I just learned how to reset the airbag light... Anyway - it reminds me of a cross country road trip in a 2000 Nissan Frontier - towing a 5,000 lb Fifth Wheel... When the gas mileage dropped at high altitudes, Nissan told me to disconnect the battery, turn the key on, hold the brake down for 30 seconds, and then reconnect the battery, start the engine for 30 seconds, shut it off, turn the key on for 5 seconds, then start the truck and do a 0-60MPH full throttle run, and then stop, shut off the truck, and that reboots it....

I'm not 100 percent correct if that was the EXACT order, but it was very similar to that procedure to reset the computer so the sensors can re-adjust and reset - kinda like re-booting your PC...

*DOES ANYONE KNOW HOW TO RESET THE 2005?
ARE THERE ANY OTHER FEATURES?
IS THERE A POWER-PROGRAMMER FOR THE 2005?*

Any help is appreciated!!! Thanks in advance!










From another post said:


> If you have the airbag light, it will show steady for a few seconds (the manual says 7 secs) after you turn the key from off to on (but not start) and then start to flash. Here is how to reset it.. 1. Turn the key from off to on.
> 
> 2. Watch the airbag light closely. It will stay on for a few secs. and then as soon as it blinks off (the start of the flashing), turn the key off instantly.
> 
> ...


----------



## SDBryan (Aug 2, 2005)

Anyone know how to reset the Computer?

Unplugging it only resets the trip meter and radio memory...
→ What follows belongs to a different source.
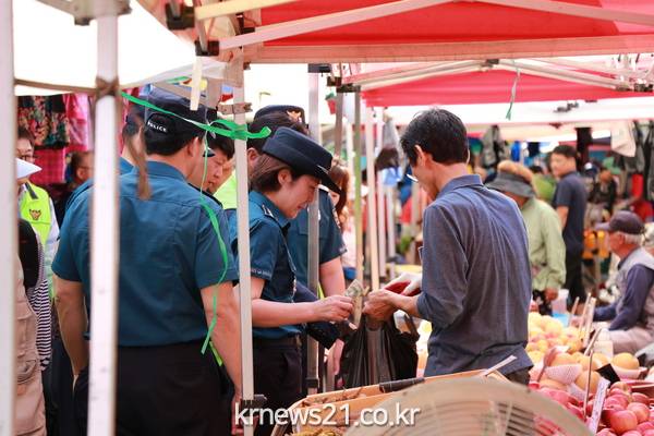 또한 전통시장 경기 활성화를 위해 직접 과일을 구입하며 상인들의 이야기에 적극 공감하는 등 시민과 함께하는 치안정책을 펼치기 위해 노력했다.
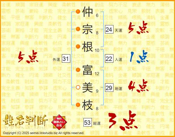 仲(6画)宗(8画)根(10画) 富(12画)美(9画)枝(8画)

I would like to reset the ECU so it runs better at sea level.. (Not that it isn't running well already!)


----------



## SDBryan (Aug 2, 2005)

*I think I found it!!!!*


> Due to legal requirements in some states and
> Canadian Provinces, your vehicle may be required
> to be in what is called the &#147;ready condition
> &#148; for an Inspection/Maintenance (I/M) test of
> ...


Does anyone know exactly what it does?


----------



## MaxQuest (Sep 11, 2004)

Waist Gas!


----------